When one looks back on the financial collapse, what was sold and the various accountancy organisations that stood over what was being sold, stood over the poor regulation and stood over the breaking of laws and did not regulate their own members, is it any wonder we are where we are today?

Sinn Féin welcomes the Bill. I speak on behalf of Deputy Pearse Doherty, who sends his apologies. This is a Bill of two parts. First, it merges the Offices of the Financial Services Ombudsman and Pensions Ombudsman and, second, it overhauls much of the consumer protection rules when it comes to making complaints. Of most importance is the removal of the so-called six-year rule. This second part has been debated a great deal because much of it is found in Deputy Doherty's Private Members' Bill, which is now awaiting a Seanad reading.

I will return to that content, but it is worth considering first the merger of the Office of the Pensions Ombudsman and Financial Services Ombudsman. It is important that this merger does not pass without scrutiny as the other details of the Bill are discussed. In this country, we have become so used to the language of austerity that words such as "merger" set off alarm bells for many of us that the real intent is cuts. After all, there seemed to be no democratic demand for such a merger. The basis seems to be the regulatory impact assessment by Mr. Hinz of the World Bank, who concluded there was no compelling evidence of negative consequences. This is a very weak basis on which to proceed with merging two very important bodies that protect consumers. After all, when we consider the tracker scandal and the PPI scandal, can we really say this is the right time to tinker around with the consumer protection bodies of the State? This is not to mention the rip-off being carried out by insurers on drivers, small businesses, home owners and now community groups and facilities day in, day out.

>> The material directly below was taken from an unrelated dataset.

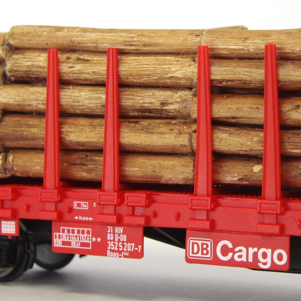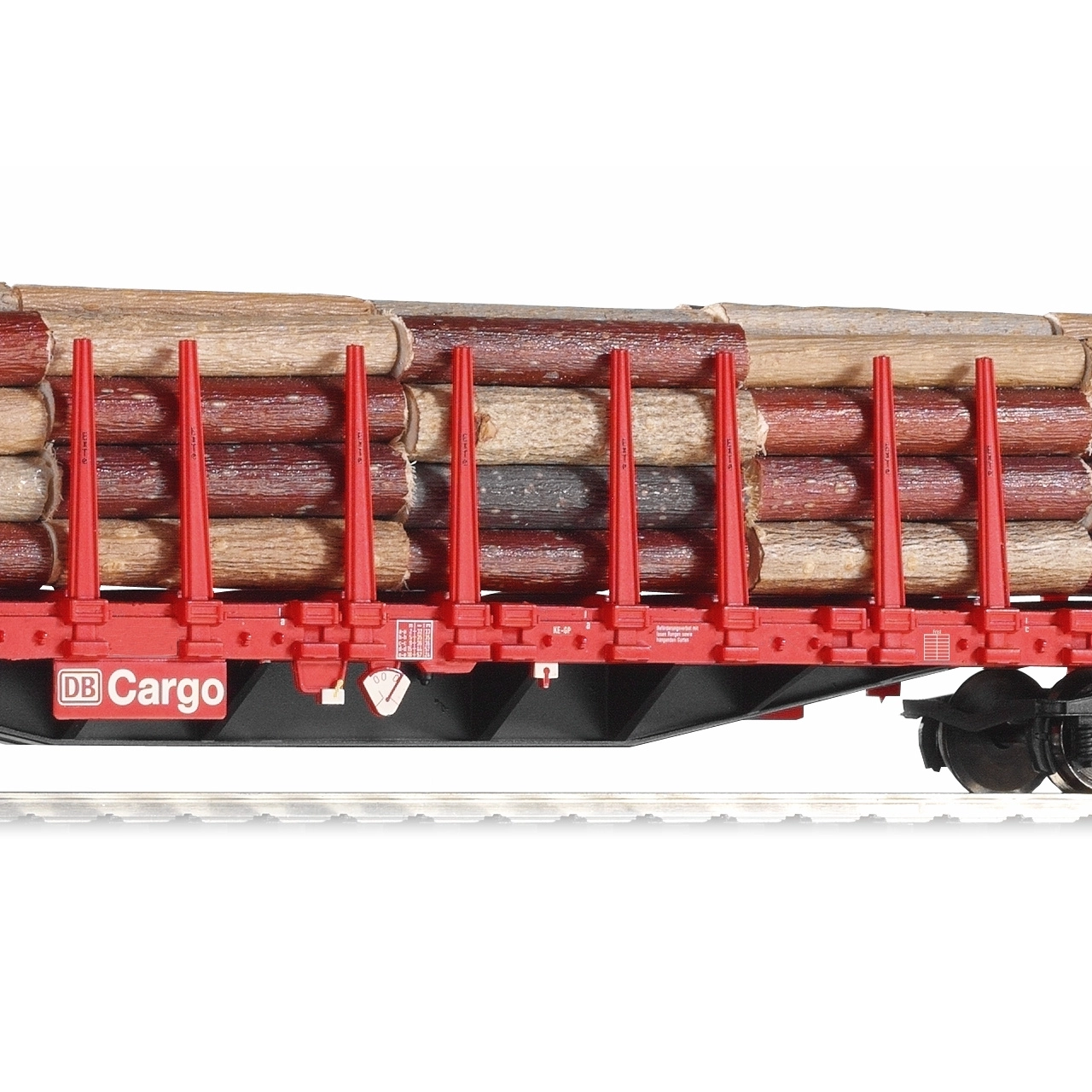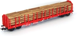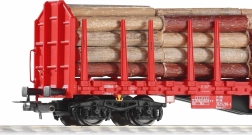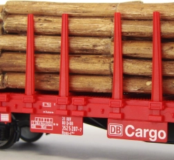 Включен е вярно пресъздаден товар от дървени трупи. Товарът и колчетата могат лесно да се изваждат и да се адаптира подредбата на вагона според вашите нужди.

Reform of consumer protection law is required, and this opportunity could have been used to take a more radical approach. The strict power of the ombudsman to only rule on what is legal as opposed to what is fair frustrates many people, and this frustration is understandable. The Central Bank does not want to hear from individuals, and the ombudsman can only stick to narrow legal battles. That is the situation for consumers in this country: when something stinks, everyone smells it but no one seems to be able to do anything about it. This merger should not and cannot put consumers at a disadvantage relative to where they are today. That means ensuring the new office is properly resourced at all times.

As I said, much of the Bill complements Deputy Doherty's Private Members' Bill. The Dáil has already spoken on a number of issues in this regard and it only makes sense that those decisions are reflected in this Bill. It is in no one's interest that we have conflicting pieces of legislation one after the other. Regarding the six-year rule, which is of huge public interest, it is important that the public is not let down by the small print. The proposal before us in this Bill excludes many people who rightly believe they should have their day before the ombudsman. The definition used in this Bill, excluding as it does annually renewable products and unilaterally cancellable policies, is far too narrow. It goes against the spirit of what this House wants and it needs to be changed. This is an area where my party will table amendments.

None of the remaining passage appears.